*SUPPLIED MATERIAL:*
Content starts

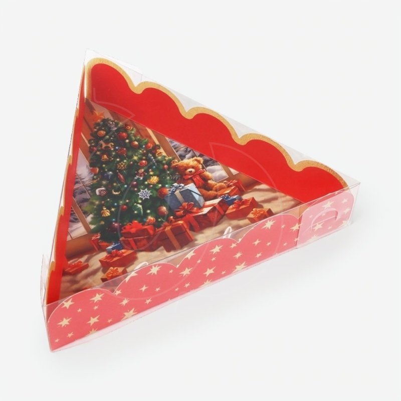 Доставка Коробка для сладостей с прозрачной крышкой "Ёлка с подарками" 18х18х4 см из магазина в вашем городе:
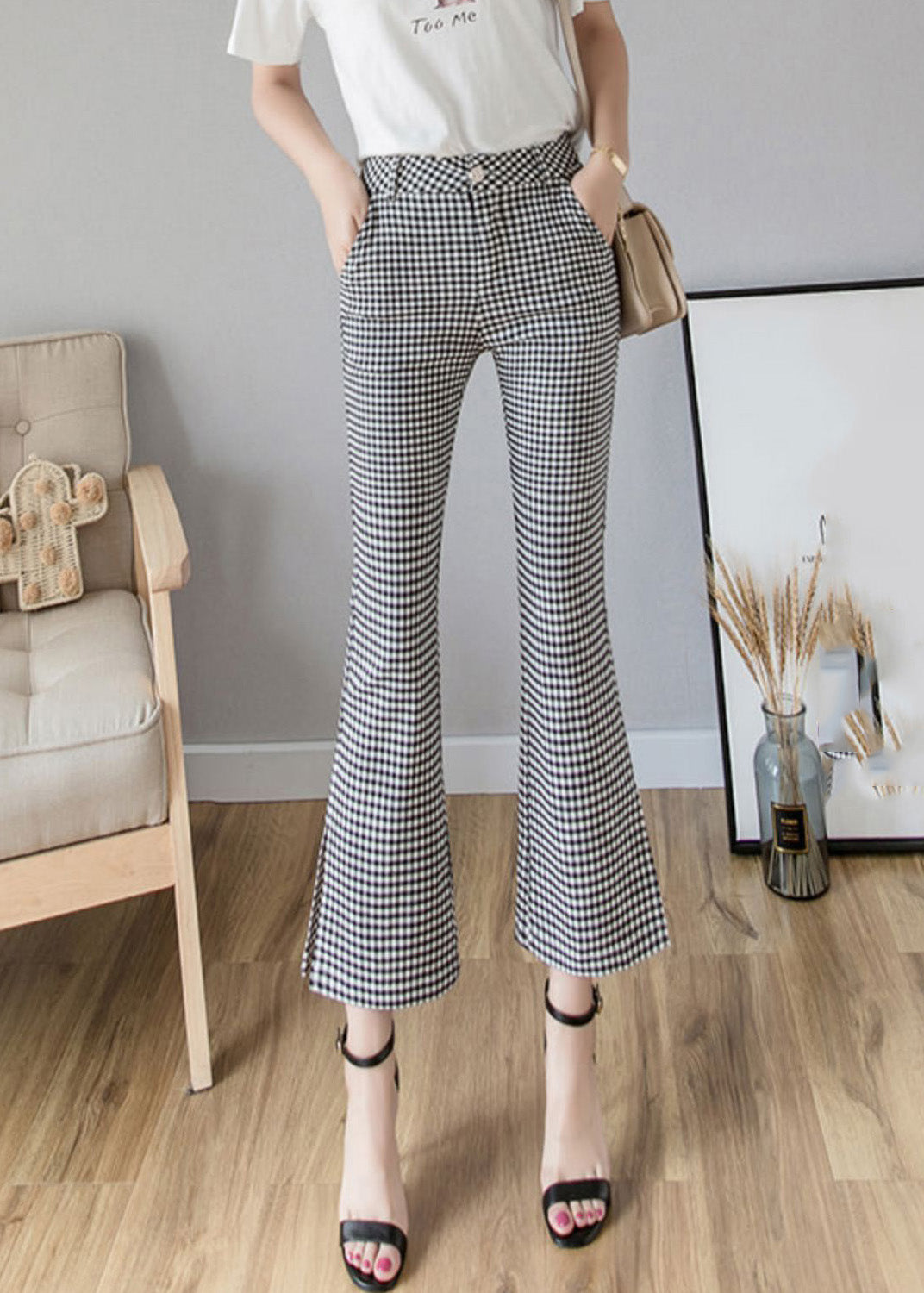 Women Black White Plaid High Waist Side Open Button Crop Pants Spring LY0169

Content ends
Content starts

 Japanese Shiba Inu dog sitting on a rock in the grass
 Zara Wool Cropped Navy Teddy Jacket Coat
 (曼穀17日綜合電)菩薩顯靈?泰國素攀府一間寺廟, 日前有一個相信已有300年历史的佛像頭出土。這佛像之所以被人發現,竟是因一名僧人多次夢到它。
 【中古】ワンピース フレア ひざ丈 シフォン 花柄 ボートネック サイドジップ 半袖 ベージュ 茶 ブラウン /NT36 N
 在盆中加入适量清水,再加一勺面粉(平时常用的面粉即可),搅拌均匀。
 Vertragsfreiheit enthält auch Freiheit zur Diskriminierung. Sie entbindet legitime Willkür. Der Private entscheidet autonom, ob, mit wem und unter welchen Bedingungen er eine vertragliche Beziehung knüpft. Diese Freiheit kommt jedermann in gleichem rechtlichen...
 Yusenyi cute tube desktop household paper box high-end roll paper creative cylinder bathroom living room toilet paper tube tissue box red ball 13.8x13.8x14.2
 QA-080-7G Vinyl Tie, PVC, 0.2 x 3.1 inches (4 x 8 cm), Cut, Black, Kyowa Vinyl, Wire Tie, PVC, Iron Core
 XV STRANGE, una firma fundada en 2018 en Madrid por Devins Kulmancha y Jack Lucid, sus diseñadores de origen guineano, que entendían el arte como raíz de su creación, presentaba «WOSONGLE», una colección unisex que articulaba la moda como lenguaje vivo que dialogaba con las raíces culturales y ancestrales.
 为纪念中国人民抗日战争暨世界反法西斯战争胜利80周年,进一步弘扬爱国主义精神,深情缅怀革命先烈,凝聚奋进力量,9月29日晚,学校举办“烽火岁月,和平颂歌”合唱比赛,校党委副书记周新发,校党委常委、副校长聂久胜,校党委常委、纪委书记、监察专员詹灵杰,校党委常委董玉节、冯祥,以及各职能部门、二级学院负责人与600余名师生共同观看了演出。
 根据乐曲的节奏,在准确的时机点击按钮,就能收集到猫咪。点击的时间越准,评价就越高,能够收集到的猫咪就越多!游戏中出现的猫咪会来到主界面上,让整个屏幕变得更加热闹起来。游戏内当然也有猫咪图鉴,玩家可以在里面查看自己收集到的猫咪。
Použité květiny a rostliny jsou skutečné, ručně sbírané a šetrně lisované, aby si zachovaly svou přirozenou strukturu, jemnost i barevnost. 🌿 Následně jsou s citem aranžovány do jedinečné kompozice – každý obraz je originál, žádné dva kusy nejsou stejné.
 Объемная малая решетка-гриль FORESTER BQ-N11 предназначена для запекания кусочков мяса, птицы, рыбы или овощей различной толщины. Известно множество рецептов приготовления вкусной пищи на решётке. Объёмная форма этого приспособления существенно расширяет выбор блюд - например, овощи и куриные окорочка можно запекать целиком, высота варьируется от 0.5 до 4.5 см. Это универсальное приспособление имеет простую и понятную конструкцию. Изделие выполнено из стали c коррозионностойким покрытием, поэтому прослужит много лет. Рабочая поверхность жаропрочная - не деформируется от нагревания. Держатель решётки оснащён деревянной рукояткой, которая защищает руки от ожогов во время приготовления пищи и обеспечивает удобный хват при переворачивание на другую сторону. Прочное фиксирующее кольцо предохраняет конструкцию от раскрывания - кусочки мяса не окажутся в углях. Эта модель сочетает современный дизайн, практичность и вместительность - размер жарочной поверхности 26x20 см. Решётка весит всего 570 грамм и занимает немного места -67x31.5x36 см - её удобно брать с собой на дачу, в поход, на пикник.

Content ends

*PROBLEM STATEMENT:* From the listing above, restate verbatim the lines running from the one with "Доставка Коробка для" through the one with "Women Black White", inclusive, but not the pictures.

*ANSWER TO THIS EXERCISE:*
 Доставка Коробка для сладостей с прозрачной крышкой "Ёлка с подарками" 18х18х4 см из магазина в вашем городе:
 Women Black White Plaid High Waist Side Open Button Crop Pants Spring LY0169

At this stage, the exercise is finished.